Mori says he will not make official visit to Yasukuni Shrine

HIROSHIMA, Aug. 6 Kyodo - Prime Minister Yoshiro Mori said Sunday he will not make an official visit to Tokyo's Yasukuni Shrine, a Shinto memorial often viewed as a symbol of Japan's wartime past, on the Aug. 15 anniversary of Japan's surrender to Allied powers in World War II.

However, speaking at a press conference, Mori held out the possibility of visiting the shrine in a private capacity.

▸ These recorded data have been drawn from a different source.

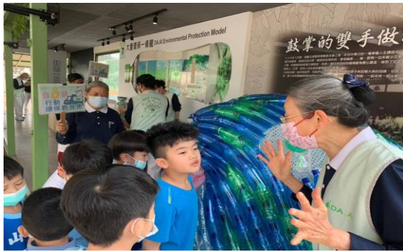
說明：環保志工講解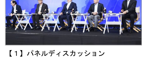
【1】パネルディスカッション

建設DX展で行われる2つのイベントに参画いたしました。 特別セミナーにも登壇し「今求められる建設DX技術」について、 現場での実装事例を交え、業界の課題解決に向けた議論を深める貴重な機会となりました。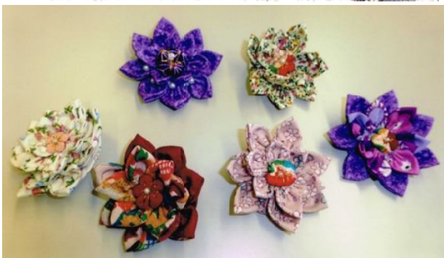
布の京かんざし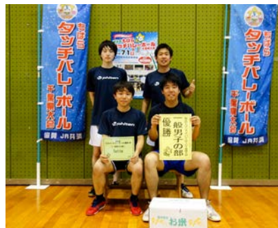
一般男子の部優勝 Sette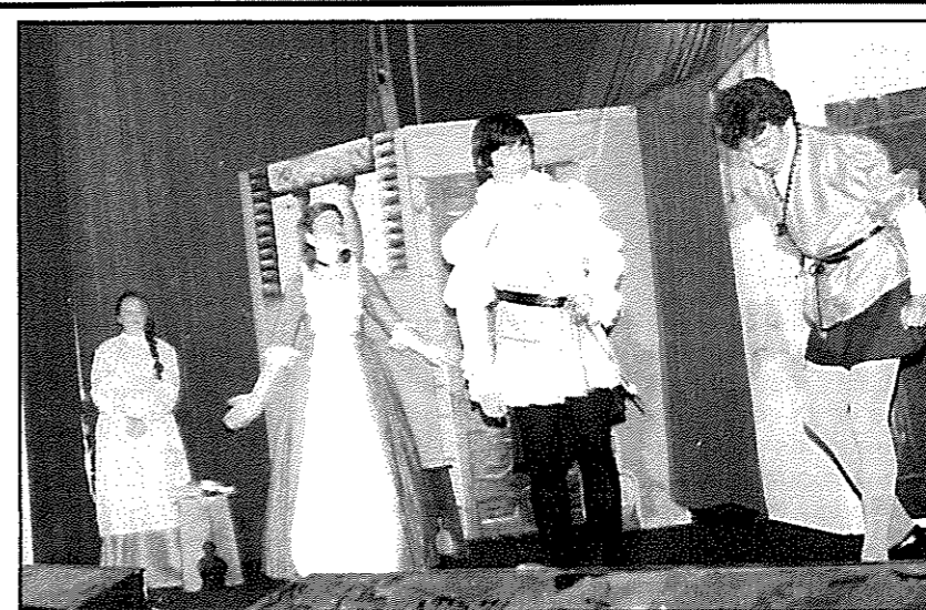
Una escena de "La niña de plata", de Lope de Vega, representada en la capital de Teruel, por el Centro Cultural Recreativo de Ulldecona, que participó en el "Segundo encuentro Nacional Juvenil de Teatro Clásico"

''It's a personal issue that concerns my thought, so I'll make a decision carefully and independently,'' Mori said when asked whether he would visit the shrine as a private citizen.

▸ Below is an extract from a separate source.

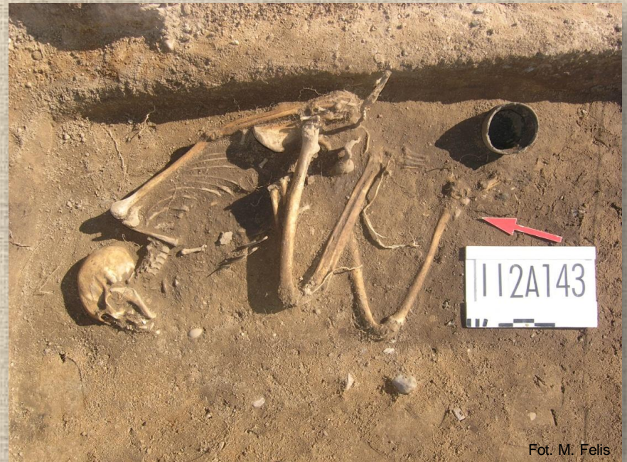
Pochówek w pozycji skurczonej na wczesnośredniowiecznym cmentarzysku w Jordanowie, gm. Świebodzin

Obok „zwykłych” pochówków, gdzie zmarły leży na wznak, spotkać można tzw. pochówki atypowe o nietypowym ułożeniu szkieletu np. w pozycji skurczonej, bez głowy lub na brzuchu. Są one różnie interpretowane, na przykład jako zabieg zapobiegający powrotowi zmarłego z zaświatów.

Yasukuni Shrine is dedicated to the 2.4 million Japanese who have died in wars since the 19th century. Several class-A war criminals such as wartime Prime Minister Gen. Hideki Tojo are enshrined there.

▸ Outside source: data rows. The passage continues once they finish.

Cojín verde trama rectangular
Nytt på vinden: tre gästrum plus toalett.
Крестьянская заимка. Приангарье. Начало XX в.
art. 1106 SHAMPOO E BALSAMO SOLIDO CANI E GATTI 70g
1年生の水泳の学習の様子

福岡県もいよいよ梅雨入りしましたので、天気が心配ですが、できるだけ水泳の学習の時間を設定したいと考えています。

Earlier this week, Mori said he had not decided whether to visit the shrine Aug. 15. He did so last year.

In the past, visits by cabinet ministers to Yasukuni Shrine angered Japan's Asian neighbors invaded by Japanese troops during the war, such as China.

Two prime ministers have so far paid homage while in office -- Yasuhiro Nakasone in 1985 and Ryutaro Hashimoto in 1996 -- drawing immediate criticism from China and other Asian nations invaded by Japanese troops.

The Japanese word yasukuni means peaceful country.